> [Task prompt] Every line of the listing below must be printed again exactly, apart from its pictures.

START Given information

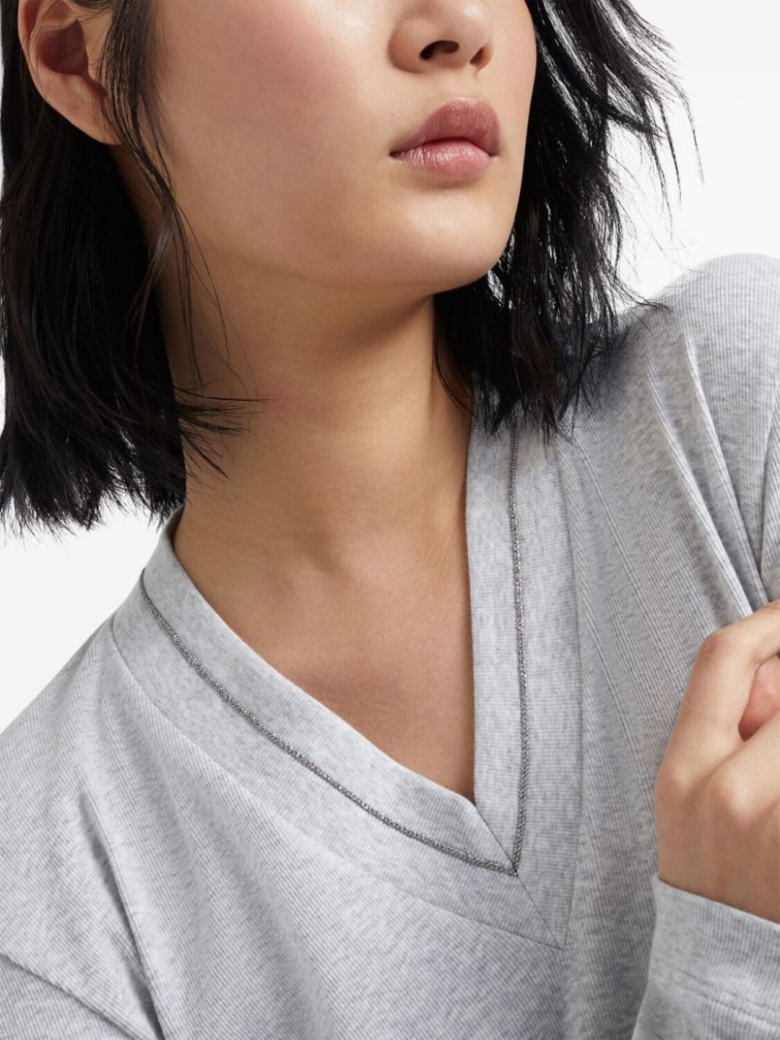 Светло-серый, эластичный хлопок, ткань джерси, знаковая отделка Monili, V-образный вырез, длинные рукава, прямой подол
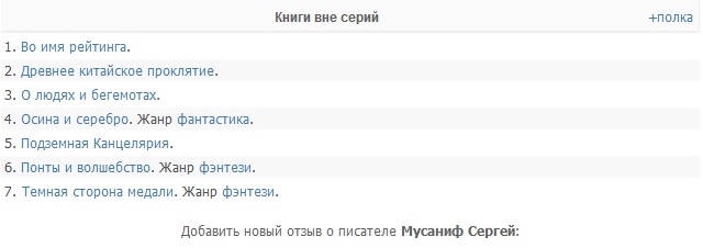 Ну чтож, я потрачу еще несколько часов своего времени и осилю что-нибудь из внесерийного Мусанифа, хотя слабо верю, что человек, произвёдший на свет такие помои, как Стрелки, способен выдать что-то, не вызывающее рвотный рефлекс.
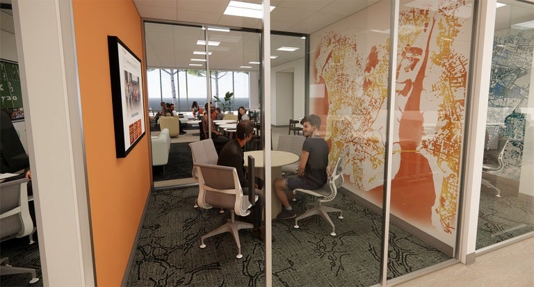 Texas Global staff members and stakeholders will appreciate the remarkable transformation of the advising spaces. Floor-to-ceiling maps of six vibrant cities — Seoul, Mumbai, Mexico City, Dubai, London, and Singapore — highlight UT Austin’s global network. The airy design and natural light conveyed by glass walls also invoke transparency and openness while presenting a private and secure atmosphere.
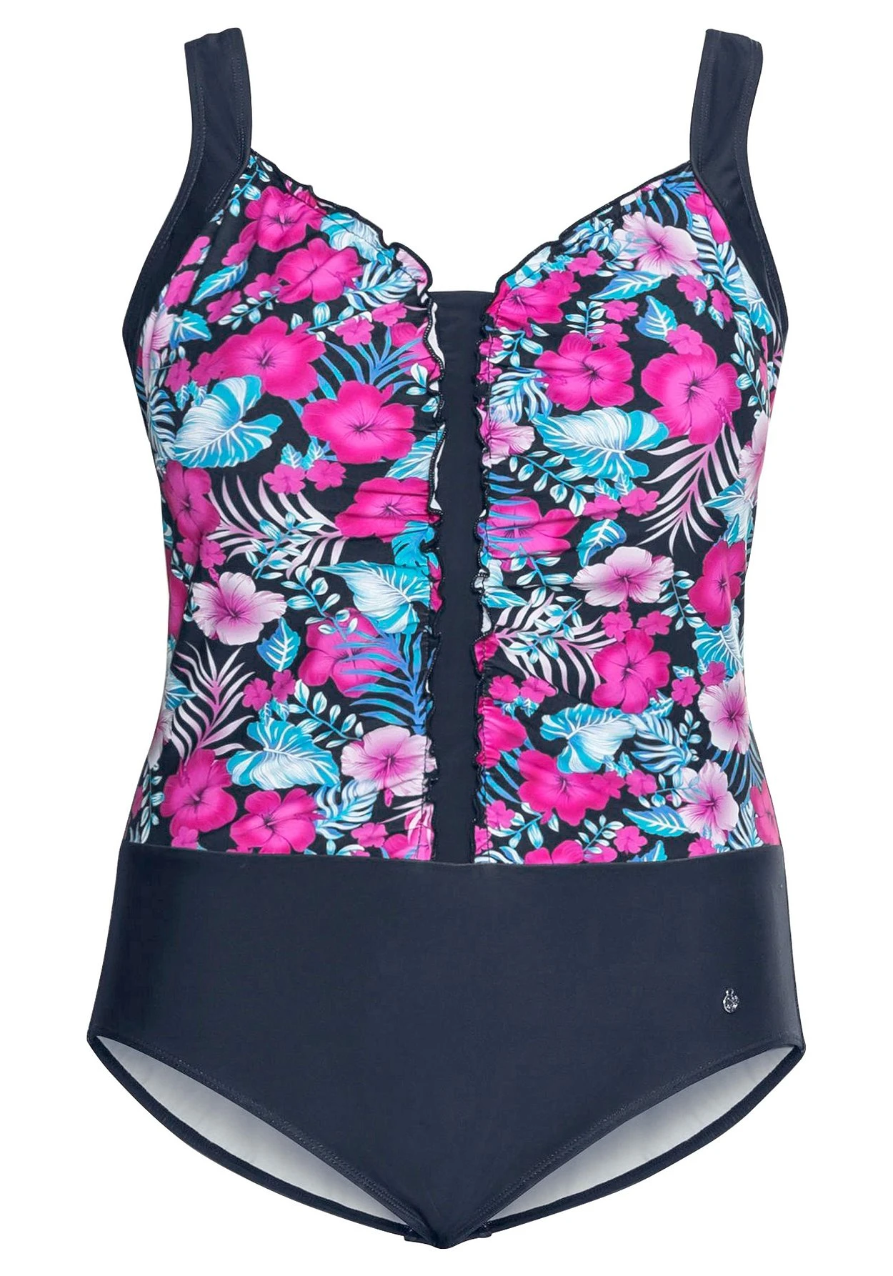 Badeanzug mit Shaping-Effekt. Der florale Druck wird durch die Rüschenkante feminin aufgewertet. Wattierte Softcups, ein Unterbrustgummi sowie die breiten Träger sorgen für hohen Tragekomfort und optimalen Halt.

END Given information

> [Written response]
 Светло-серый, эластичный хлопок, ткань джерси, знаковая отделка Monili, V-образный вырез, длинные рукава, прямой подол
 Ну чтож, я потрачу еще несколько часов своего времени и осилю что-нибудь из внесерийного Мусанифа, хотя слабо верю, что человек, произвёдший на свет такие помои, как Стрелки, способен выдать что-то, не вызывающее рвотный рефлекс.
 Texas Global staff members and stakeholders will appreciate the remarkable transformation of the advising spaces. Floor-to-ceiling maps of six vibrant cities — Seoul, Mumbai, Mexico City, Dubai, London, and Singapore — highlight UT Austin’s global network. The airy design and natural light conveyed by glass walls also invoke transparency and openness while presenting a private and secure atmosphere.
 Badeanzug mit Shaping-Effekt. Der florale Druck wird durch die Rüschenkante feminin aufgewertet. Wattierte Softcups, ein Unterbrustgummi sowie die breiten Träger sorgen für hohen Tragekomfort und optimalen Halt.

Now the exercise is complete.